Beberapa saran yang ia terima termasuk menggunakan ASI, thyme, dan elderberry, yang semuanya tidak direkomendasikan oleh dokter untuk mengobati influenza, yang menyebabkan 12.000 hingga 30.000 kematian di AS antara 1 Oktober dan 1 Februari, menurut pendahuluan perkiraan oleh Pusat Pengendalian dan Pencegahan Penyakit.
Anggota grup Facebook lain menyarankan ibu meletakkan irisan kentang dan mentimun di kepala anak itu, laporan Colorado Times Recorder. Tapi, setelah adanya laporan, unggahan tersebut telah dihapus dari halaman, lapor surat kabar itu.

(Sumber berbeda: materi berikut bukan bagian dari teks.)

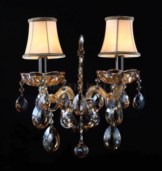 Арматура светильника сделана из металла, хромированная. Плафоны из текстиля, кремого цвета. Подвески из дымчатого хрусталя.

Kedua outlet tidak mengidentifikasi anak yang meninggal, tetapi halaman GoFundMe mengidentifikasi anak itu bernama Najee. Dia tinggal di Pueblo, lapor KCNC.

"Saya ingin mengucapkan terima kasih kepada semua orang yang telah menyumbangkan uang untuk Najee!” tulis si ibu dalam laman GoFundMe yang dibagikan pada Kamis lalu.
“Adalah kesedihan saya yang terdalam untuk memberi tahu Anda yang belum tahu bahwa putra saya telah meninggal dunia. Saya dan semua orang yang mencintai Najee sangat sedih."
Halaman itu masih aktif pada Jumat sore dan telah menghasilkan lebih dari USD9.000 atau Rp123 jutaan dari target USD10.000 atau Rp136,4 juta.